Directions for this task
Once the line with "2023년 1학기 1차 국가 장학금 신청하세요." is found, write it out along with every line after it, exactly, up to the last line of the entries below. Exclude pictures.

[Excerpts from a dataset]
______________________________

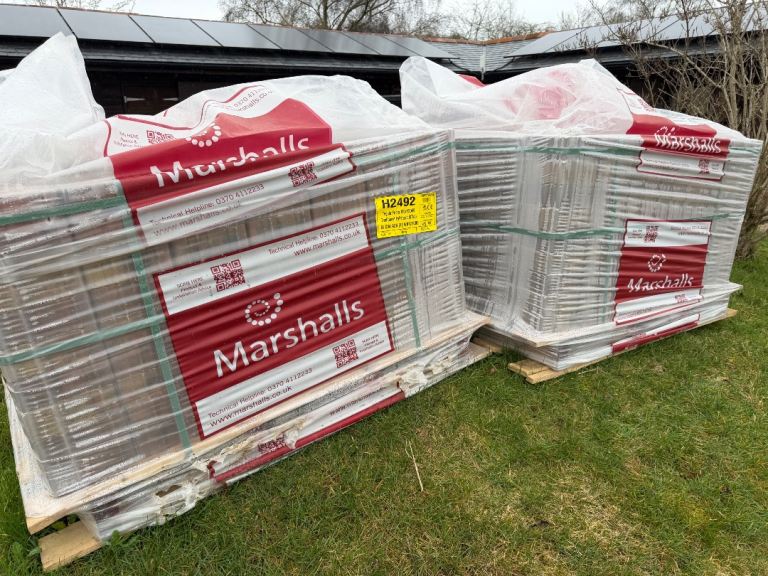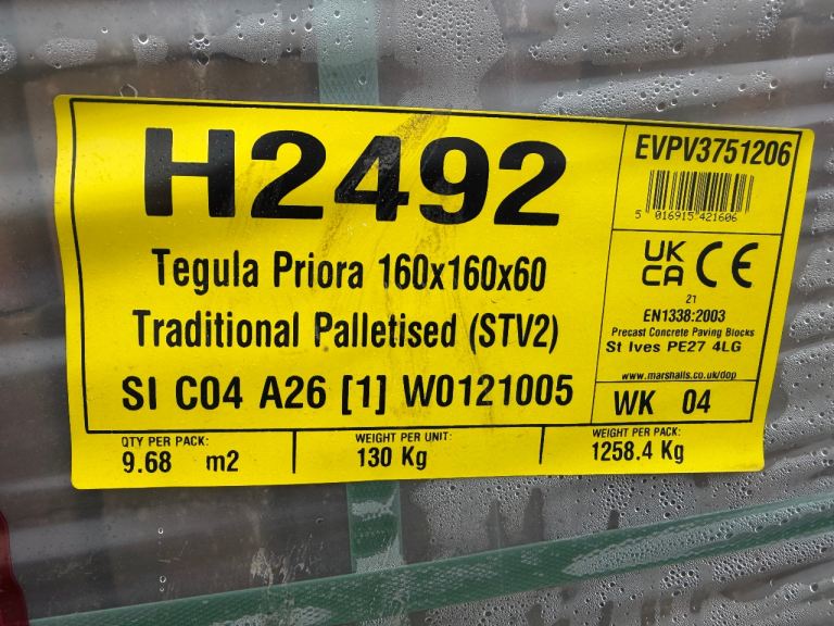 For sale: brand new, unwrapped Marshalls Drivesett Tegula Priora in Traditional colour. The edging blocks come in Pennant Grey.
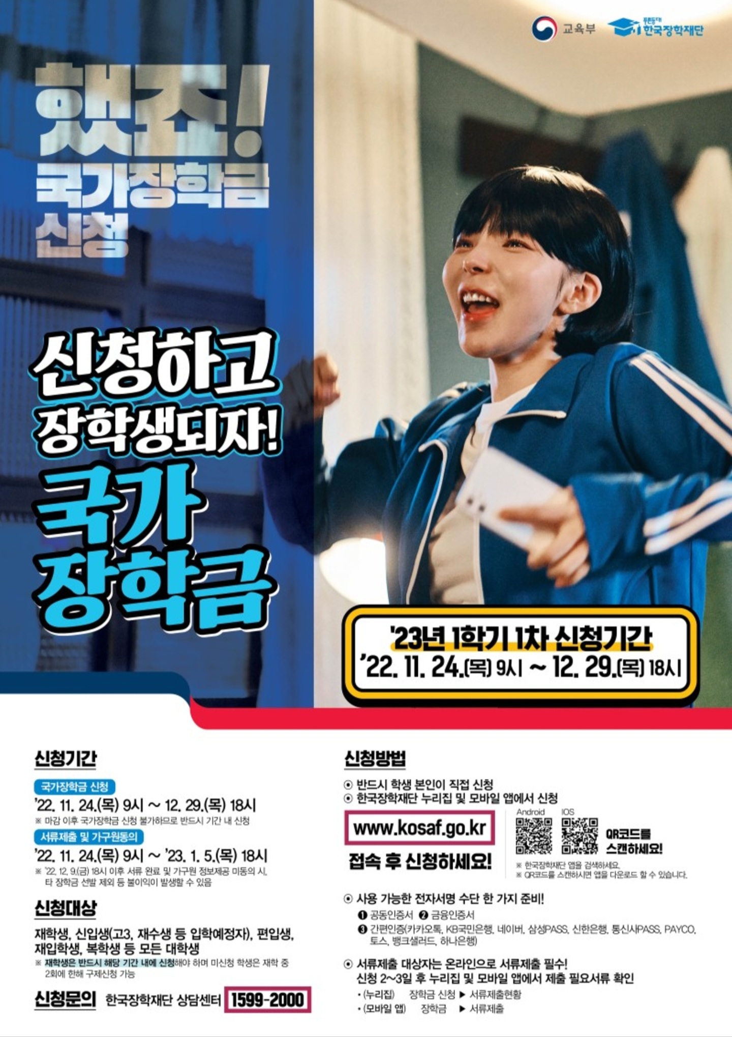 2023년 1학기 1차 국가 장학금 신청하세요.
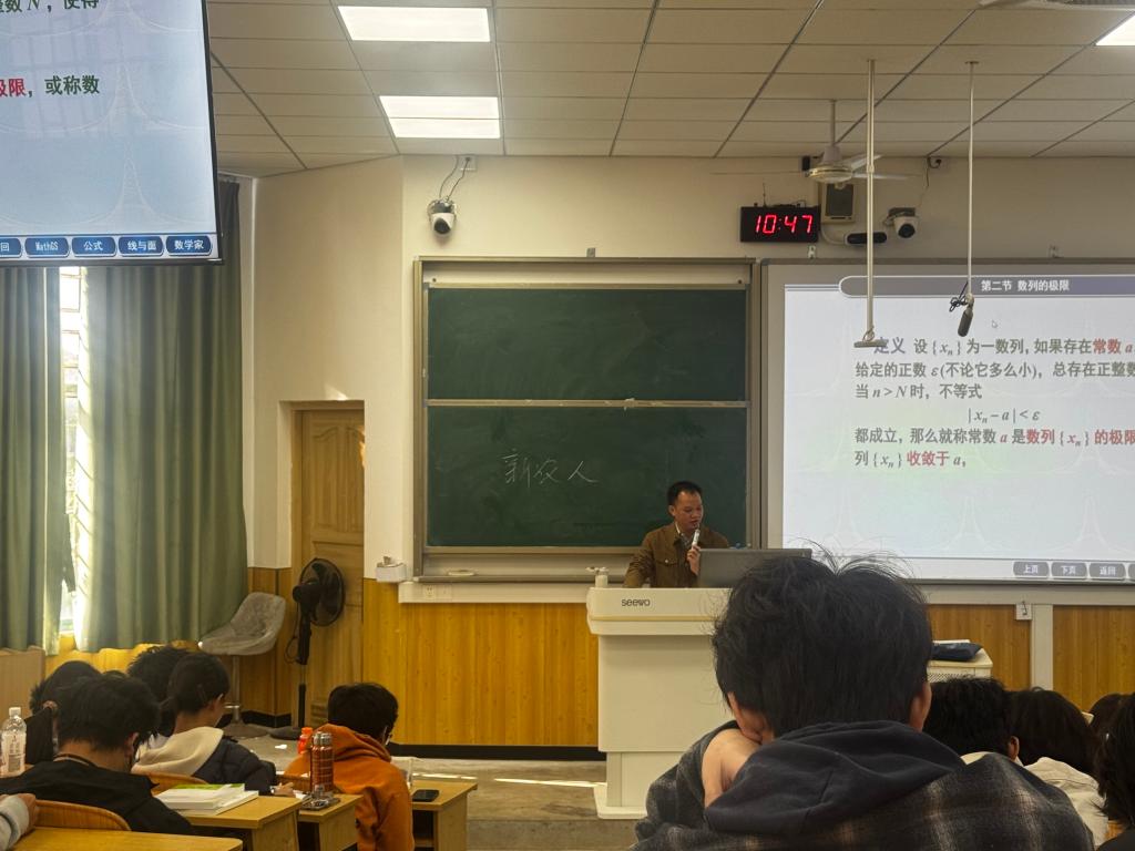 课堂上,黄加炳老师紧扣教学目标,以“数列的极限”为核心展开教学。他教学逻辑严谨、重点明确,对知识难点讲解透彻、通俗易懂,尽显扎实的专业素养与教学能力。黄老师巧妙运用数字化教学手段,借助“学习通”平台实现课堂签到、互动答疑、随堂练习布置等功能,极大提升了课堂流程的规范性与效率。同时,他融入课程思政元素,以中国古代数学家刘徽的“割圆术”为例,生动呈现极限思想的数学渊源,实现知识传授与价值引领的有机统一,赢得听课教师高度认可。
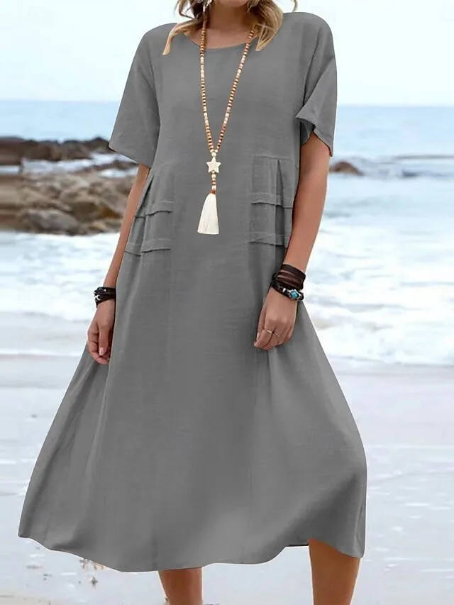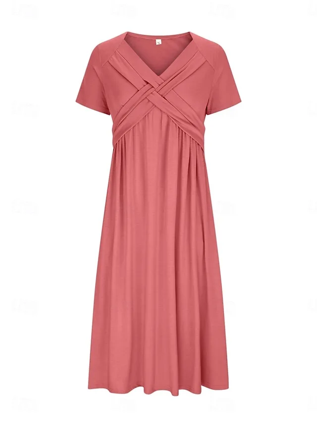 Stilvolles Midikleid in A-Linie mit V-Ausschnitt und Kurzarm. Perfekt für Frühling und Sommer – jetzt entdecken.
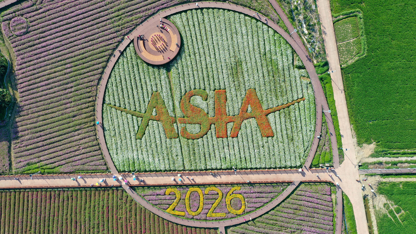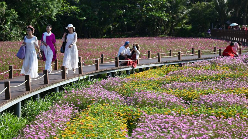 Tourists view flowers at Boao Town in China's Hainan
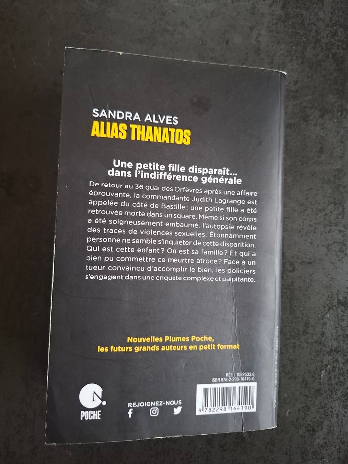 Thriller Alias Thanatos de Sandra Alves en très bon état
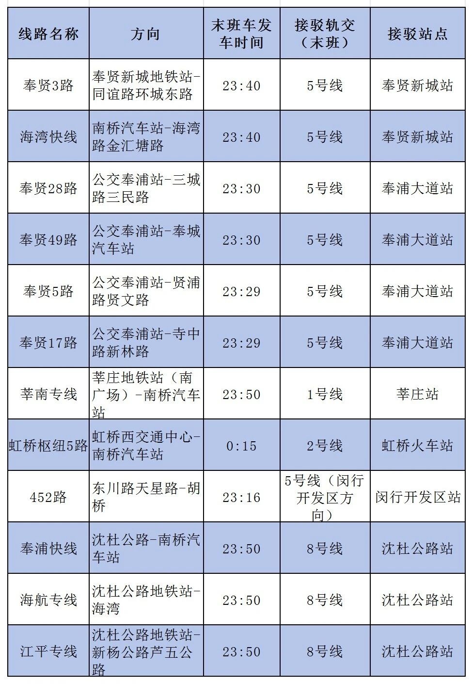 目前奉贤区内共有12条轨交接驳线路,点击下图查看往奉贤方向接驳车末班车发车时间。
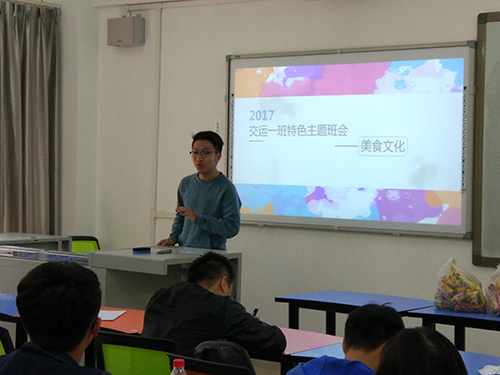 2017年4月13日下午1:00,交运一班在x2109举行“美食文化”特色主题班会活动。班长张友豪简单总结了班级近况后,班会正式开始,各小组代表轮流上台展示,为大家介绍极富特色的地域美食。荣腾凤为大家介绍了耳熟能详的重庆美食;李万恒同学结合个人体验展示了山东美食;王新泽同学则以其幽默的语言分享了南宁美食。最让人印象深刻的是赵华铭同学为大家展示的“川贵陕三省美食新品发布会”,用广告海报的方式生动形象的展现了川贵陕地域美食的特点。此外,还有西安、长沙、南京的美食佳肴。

______________________________

Exercise output
 2023년 1학기 1차 국가 장학금 신청하세요.
 课堂上,黄加炳老师紧扣教学目标,以“数列的极限”为核心展开教学。他教学逻辑严谨、重点明确,对知识难点讲解透彻、通俗易懂,尽显扎实的专业素养与教学能力。黄老师巧妙运用数字化教学手段,借助“学习通”平台实现课堂签到、互动答疑、随堂练习布置等功能,极大提升了课堂流程的规范性与效率。同时,他融入课程思政元素,以中国古代数学家刘徽的“割圆术”为例,生动呈现极限思想的数学渊源,实现知识传授与价值引领的有机统一,赢得听课教师高度认可。
 Stilvolles Midikleid in A-Linie mit V-Ausschnitt und Kurzarm. Perfekt für Frühling und Sommer – jetzt entdecken.
 Tourists view flowers at Boao Town in China's Hainan
 Thriller Alias Thanatos de Sandra Alves en très bon état
 目前奉贤区内共有12条轨交接驳线路,点击下图查看往奉贤方向接驳车末班车发车时间。
 2017年4月13日下午1:00,交运一班在x2109举行“美食文化”特色主题班会活动。班长张友豪简单总结了班级近况后,班会正式开始,各小组代表轮流上台展示,为大家介绍极富特色的地域美食。荣腾凤为大家介绍了耳熟能详的重庆美食;李万恒同学结合个人体验展示了山东美食;王新泽同学则以其幽默的语言分享了南宁美食。最让人印象深刻的是赵华铭同学为大家展示的“川贵陕三省美食新品发布会”,用广告海报的方式生动形象的展现了川贵陕地域美食的特点。此外,还有西安、长沙、南京的美食佳肴。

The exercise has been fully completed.